14 . The relevant legal provisions and the domestic case-law and practice concerning the delivery of forensic reports as well as the liability of the medical staff are described in Eugenia Lazăr v. Romania (no. 32146/05, §§ 41-54, 16 February 2010).

COMPLAINTS

15 . The applicant complains under Article 2 of the Convention about his son ’ s death which was due to the doctors ’ failure to provide him with the adequate treatment. He further alleges that the failure to commit the patient to the gastroenterology section coupled with the failure to provide him with blood transfusions for eighteen hours provoked the death of his son. He argues that the State is responsible for the medical care in public hospitals, such as in the current case.

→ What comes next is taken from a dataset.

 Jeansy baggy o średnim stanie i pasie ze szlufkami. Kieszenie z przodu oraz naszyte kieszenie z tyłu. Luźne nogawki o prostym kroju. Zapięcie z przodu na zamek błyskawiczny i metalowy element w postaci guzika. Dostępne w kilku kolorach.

16 . Under Article 6 § 1 the applicant complains that the criminal investigation into the death of his son had been ineffective, incomplete, superficial and exceeded a reasonable time.

QUESTIONS TO THE PARTIES

1. Has the applicant exhausted all effective domestic remedies, as required by Article 35 § 1 of the Convention, as regards his complaint about his son ’ s death in the hospital?

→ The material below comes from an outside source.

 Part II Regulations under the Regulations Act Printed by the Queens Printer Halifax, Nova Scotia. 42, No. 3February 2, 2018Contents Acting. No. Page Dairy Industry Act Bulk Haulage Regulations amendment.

2. Having regard to the positive obligations to protect life, has the State satisfied the requirement to put in place regulations for the hospitals to protect their patients ’ lives (see, mutatis mutandis, G.N. and Others v. Italy , no. 43134/05, 1 December 2009)?

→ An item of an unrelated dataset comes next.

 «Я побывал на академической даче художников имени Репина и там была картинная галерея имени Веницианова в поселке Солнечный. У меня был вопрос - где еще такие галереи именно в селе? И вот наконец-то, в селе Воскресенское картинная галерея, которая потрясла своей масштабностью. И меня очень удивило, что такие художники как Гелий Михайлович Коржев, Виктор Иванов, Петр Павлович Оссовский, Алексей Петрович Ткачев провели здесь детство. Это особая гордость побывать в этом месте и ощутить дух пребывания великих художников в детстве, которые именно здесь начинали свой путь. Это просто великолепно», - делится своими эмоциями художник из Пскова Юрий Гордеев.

3 . Having regard to the procedural protection of the right to life (see Eugenia Lazăr v. Romania , no. 32146/05, 16 February 2010 and McCaughey and Others v. the United Kingdom , no. 43098/09, §§ 68-89, 16 July 2013 ), was the investigation in the present case compatible with the State ’ s obligation under Article 2 of the Convention to carry out an effective and prompt investigation into the death of the applicant ’ s son ?

The Government are invited to submit a copy of all relevant documents contained in the investigation file opened by the authorities with respect to the death of the applicant ’ s son.

[1] The exact age of the applicant’s son is not mentioned as such in the file but it results that he was a young adult who just start ed working as a trainee judge.